Often ornaments are helpful
playing a tune a second or third
time through, to vary it and make it
interesting. Ornaments are actually
pretty powerful, and a little can
go a long way.

Also when one is learning, it’s easy
to use ornaments when one hasn’t the
fingering down quite yet. I’ve found that
in many places where I was ornamenting
‘subconsciously,’ if I didn’t ornament I
couldn’t play the tune, which is why
I was ornamenting. I try not to ornament
on ‘autopilot.’

I do think it’s good to actually think about
whether to ornament at a particular place,
which to use, and why one is using it.
Grey has a helpful theory here, though
I expect there are exceptions to it.
I’ve found it helpful, anyhow

I suppose in the broadest sense ITM is art. It’s art in the way that cooking is art. But it’s not art in the way that sculpting granite is art.

There are some great musicians here on C&F and Peter is one of them, and I respect his opinion. I just happen not to agree. I think it’s the nature of the artisan to view his work as art, especially when he gets to be very very good at it.
Putting a few chirpy bits into a tune is wonderful, but (as they say) IS IT ART?

(For the record, I’ve been playing for 2 years and I suck at it.)

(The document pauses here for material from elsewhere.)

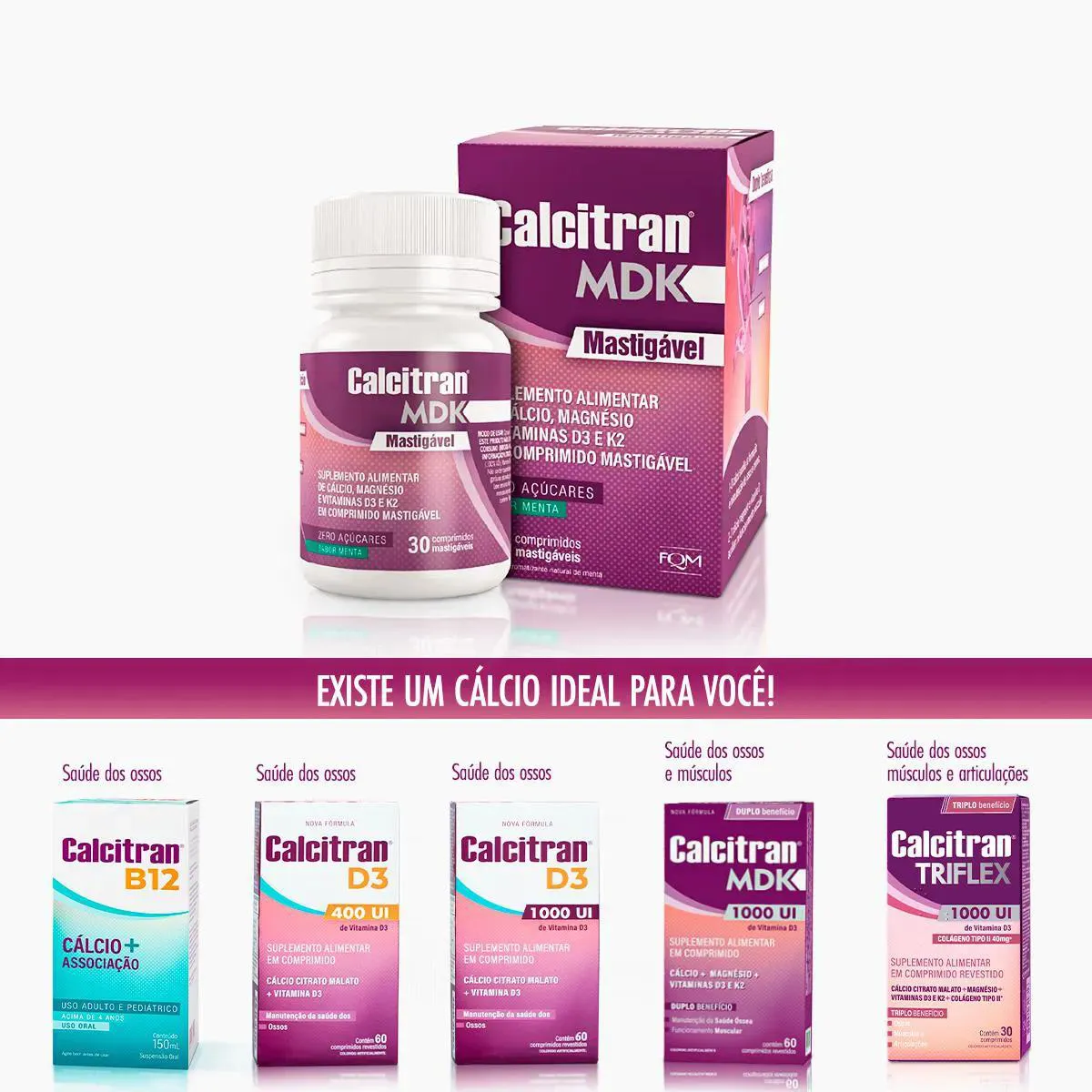 - Contém cálcio, magnésio e vitamina D3.

I’d say the playing of Willie Clancy, Tommy Peoples, or Seamus Ennis is art in the way that the playing of Paganini, Glenn Gould, or Pablo Casals is art. If you listen to the masters of Irish traditional music you’ll find depth of expression, creativity, and technical mastery, just as you would in classical music (or sculpting, writing, choroegraphy). There are differences between traditional music and classical music, of course; but one being art and the other not being art is not one of the differences.

I won’t go on, because if for you it’s about “putting chirpy bits into a tune”, you haven’t lived.

Well, you do mean it, so I’ll express my
opinion which is that ITM is an artform,
pure and simple,
and ornamenting is an art.
But I don’t see ITM as
self-consciously an artform,
(Vladimir Horowitz and
the New York Philharmonic
in tuxedos),
it isn’t ‘high brow’ art, but
largely of the people.
No accident, however, that
some of the most beautiful
melodies in classical music
come from folk music. Best

I recently saw a DVD of Glenn Gould performing
the Goldberg Variations, by the way,
shortly before he died. It was so beautiful
that it was demonic, and Gould
was plainly playing from some
distant holy place. What a species! Best

Well, I have to say that Bloom has a point. Some of the great masters of ITM could quality as artists. Yes.

It’s like one of those issues where there’s a black area, a white area, and a huge gray area in between. Where some of us differ is on the shades.

And I’ll agree that some short and simple folk tunes are artwork in themselves.

Yes, chirpy bits. But, like the crinkly bits that Slarty Bartfast put around Norway, they add a lot.

enjoyed the comment jim stone! made good sense in toning things down abit! p.s. one thing i learned pretty early on is that, at times grace notes should be used sparingly. if not, sometimes the "tunes"can get lost in there!